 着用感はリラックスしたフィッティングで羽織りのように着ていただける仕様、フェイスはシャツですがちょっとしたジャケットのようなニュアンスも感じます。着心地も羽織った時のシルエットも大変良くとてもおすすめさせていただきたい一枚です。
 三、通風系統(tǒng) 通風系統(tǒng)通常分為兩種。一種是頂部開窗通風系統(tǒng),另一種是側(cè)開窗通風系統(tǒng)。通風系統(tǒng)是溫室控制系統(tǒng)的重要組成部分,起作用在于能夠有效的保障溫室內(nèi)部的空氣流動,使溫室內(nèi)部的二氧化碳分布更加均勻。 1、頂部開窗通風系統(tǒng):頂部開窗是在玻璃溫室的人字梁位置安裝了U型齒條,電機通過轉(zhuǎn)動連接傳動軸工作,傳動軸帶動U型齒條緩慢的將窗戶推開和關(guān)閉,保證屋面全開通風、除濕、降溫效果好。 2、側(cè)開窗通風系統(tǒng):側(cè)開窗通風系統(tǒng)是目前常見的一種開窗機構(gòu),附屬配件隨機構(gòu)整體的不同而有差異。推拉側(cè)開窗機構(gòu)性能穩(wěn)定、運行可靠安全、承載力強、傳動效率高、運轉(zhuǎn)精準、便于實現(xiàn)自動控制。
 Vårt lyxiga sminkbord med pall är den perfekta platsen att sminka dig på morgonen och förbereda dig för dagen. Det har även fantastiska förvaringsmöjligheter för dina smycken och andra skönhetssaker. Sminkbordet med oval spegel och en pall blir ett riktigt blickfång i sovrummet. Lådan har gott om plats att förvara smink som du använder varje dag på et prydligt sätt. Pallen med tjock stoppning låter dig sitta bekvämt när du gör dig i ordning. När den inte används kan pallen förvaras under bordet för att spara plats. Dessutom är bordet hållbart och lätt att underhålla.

◆ ◆ ◆ ◆ ◆

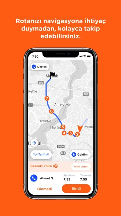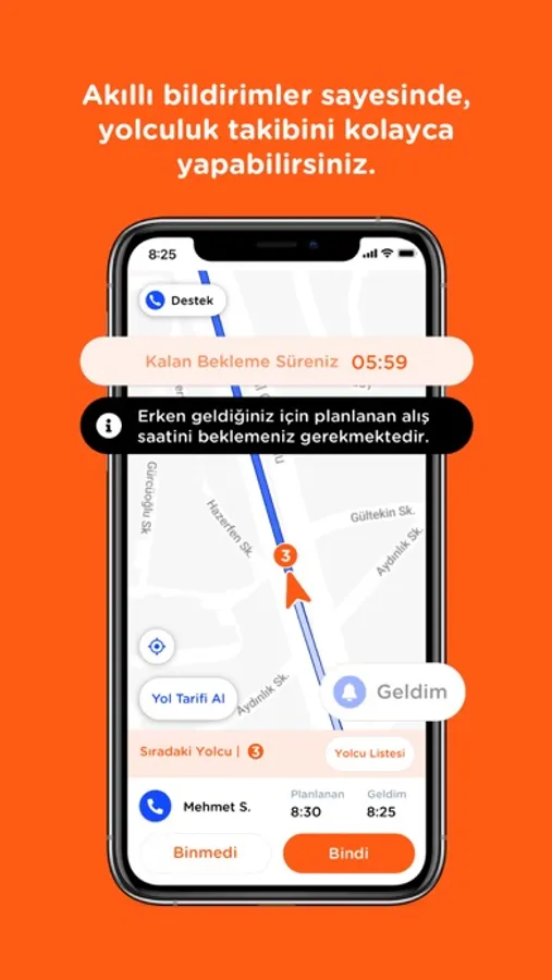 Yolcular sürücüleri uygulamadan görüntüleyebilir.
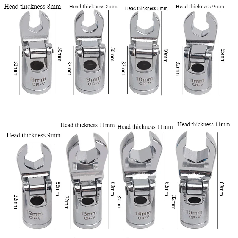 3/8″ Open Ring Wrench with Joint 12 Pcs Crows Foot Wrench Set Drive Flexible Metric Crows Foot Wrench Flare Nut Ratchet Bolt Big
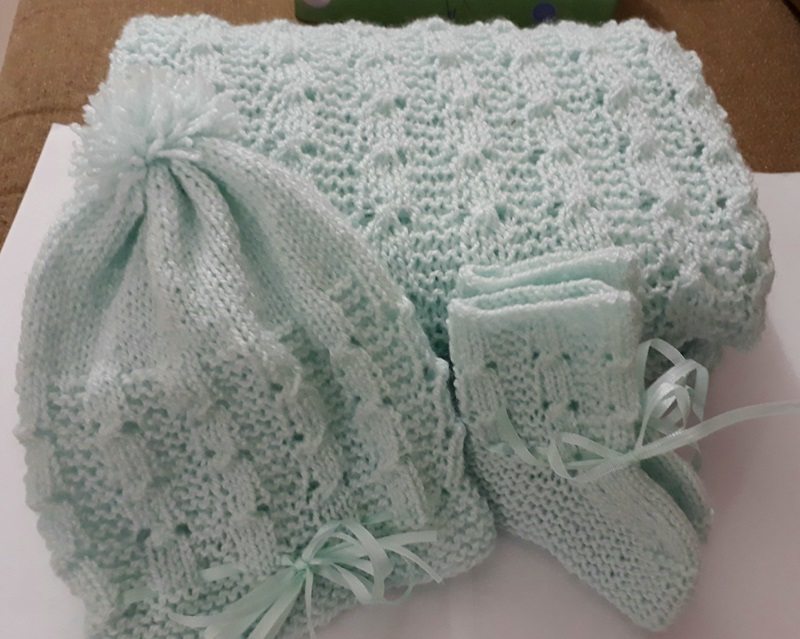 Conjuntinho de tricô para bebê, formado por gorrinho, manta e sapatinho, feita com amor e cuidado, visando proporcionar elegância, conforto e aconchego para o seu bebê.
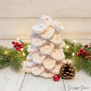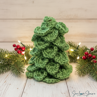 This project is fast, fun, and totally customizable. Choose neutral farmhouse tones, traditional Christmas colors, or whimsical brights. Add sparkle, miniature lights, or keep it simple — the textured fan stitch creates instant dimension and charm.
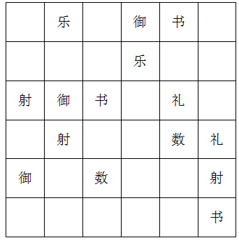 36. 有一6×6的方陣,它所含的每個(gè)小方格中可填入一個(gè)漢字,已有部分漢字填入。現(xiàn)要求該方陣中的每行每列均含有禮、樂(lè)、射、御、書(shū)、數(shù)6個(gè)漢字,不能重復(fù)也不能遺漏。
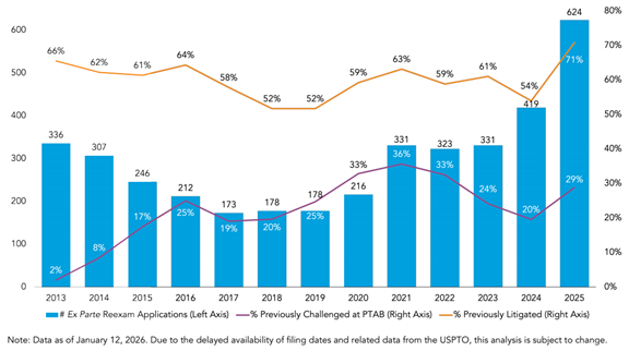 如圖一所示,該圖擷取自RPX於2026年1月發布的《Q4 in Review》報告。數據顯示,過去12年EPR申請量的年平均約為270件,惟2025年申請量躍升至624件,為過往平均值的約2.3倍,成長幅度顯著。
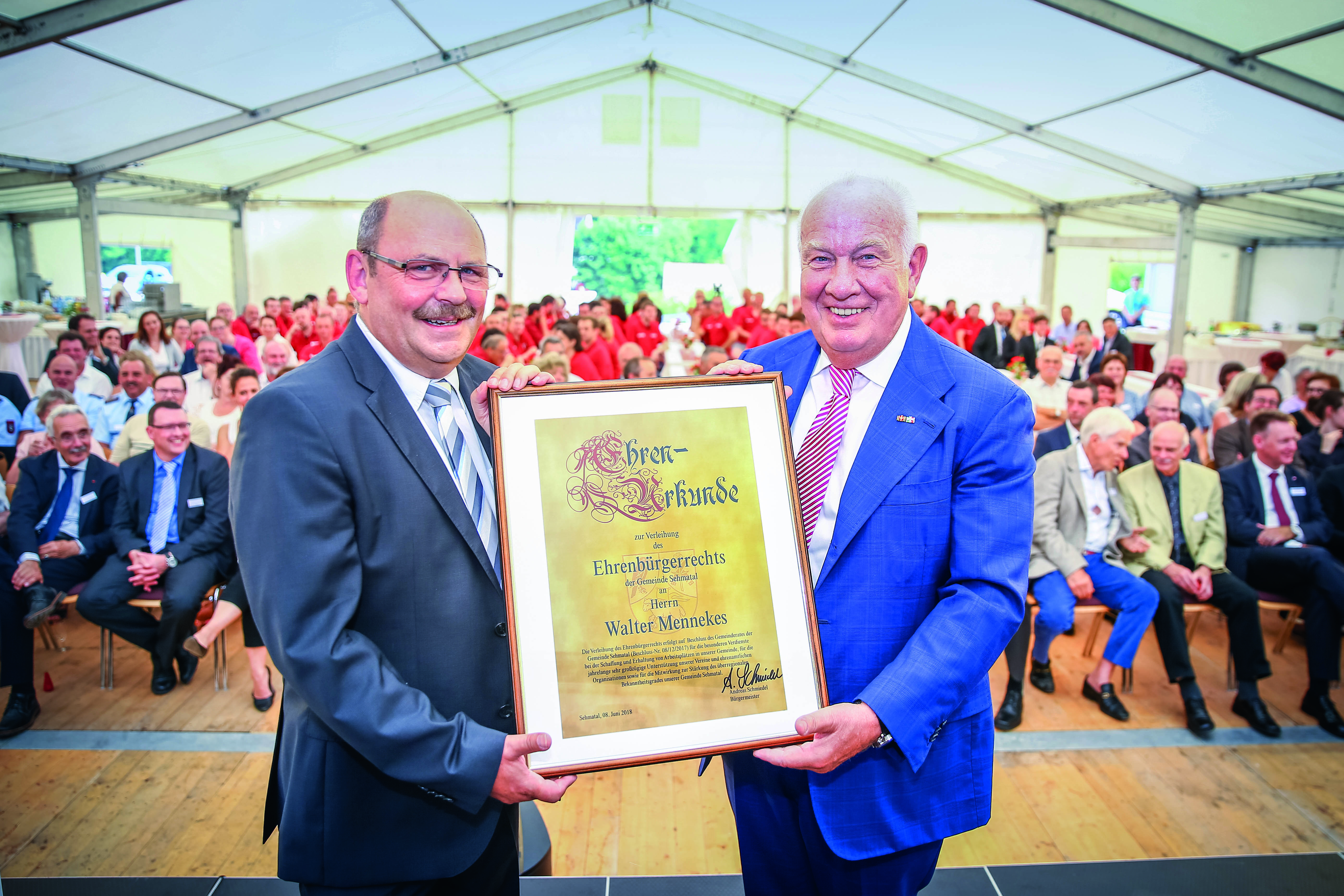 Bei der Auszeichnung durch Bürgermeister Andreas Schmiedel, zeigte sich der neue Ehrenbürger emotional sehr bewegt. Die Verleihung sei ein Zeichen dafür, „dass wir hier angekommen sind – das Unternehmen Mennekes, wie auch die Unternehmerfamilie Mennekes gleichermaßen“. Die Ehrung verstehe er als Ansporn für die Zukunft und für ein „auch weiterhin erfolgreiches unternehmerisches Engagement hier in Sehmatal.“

◆ ◆ ◆ ◆ ◆

What the exercise asks -
Of the entries listed above, reproduce only the lines starting at the line containing "着用感はリラックスしたフィッ" and ending at the line containing "Vårt lyxiga sminkbord". Include both, exactly as they stand.

Result below -
 着用感はリラックスしたフィッティングで羽織りのように着ていただける仕様、フェイスはシャツですがちょっとしたジャケットのようなニュアンスも感じます。着心地も羽織った時のシルエットも大変良くとてもおすすめさせていただきたい一枚です。
 三、通風系統(tǒng) 通風系統(tǒng)通常分為兩種。一種是頂部開窗通風系統(tǒng),另一種是側(cè)開窗通風系統(tǒng)。通風系統(tǒng)是溫室控制系統(tǒng)的重要組成部分,起作用在于能夠有效的保障溫室內(nèi)部的空氣流動,使溫室內(nèi)部的二氧化碳分布更加均勻。 1、頂部開窗通風系統(tǒng):頂部開窗是在玻璃溫室的人字梁位置安裝了U型齒條,電機通過轉(zhuǎn)動連接傳動軸工作,傳動軸帶動U型齒條緩慢的將窗戶推開和關(guān)閉,保證屋面全開通風、除濕、降溫效果好。 2、側(cè)開窗通風系統(tǒng):側(cè)開窗通風系統(tǒng)是目前常見的一種開窗機構(gòu),附屬配件隨機構(gòu)整體的不同而有差異。推拉側(cè)開窗機構(gòu)性能穩(wěn)定、運行可靠安全、承載力強、傳動效率高、運轉(zhuǎn)精準、便于實現(xiàn)自動控制。
 Vårt lyxiga sminkbord med pall är den perfekta platsen att sminka dig på morgonen och förbereda dig för dagen. Det har även fantastiska förvaringsmöjligheter för dina smycken och andra skönhetssaker. Sminkbordet med oval spegel och en pall blir ett riktigt blickfång i sovrummet. Lådan har gott om plats att förvara smink som du använder varje dag på et prydligt sätt. Pallen med tjock stoppning låter dig sitta bekvämt när du gör dig i ordning. När den inte används kan pallen förvaras under bordet för att spara plats. Dessutom är bordet hållbart och lätt att underhålla.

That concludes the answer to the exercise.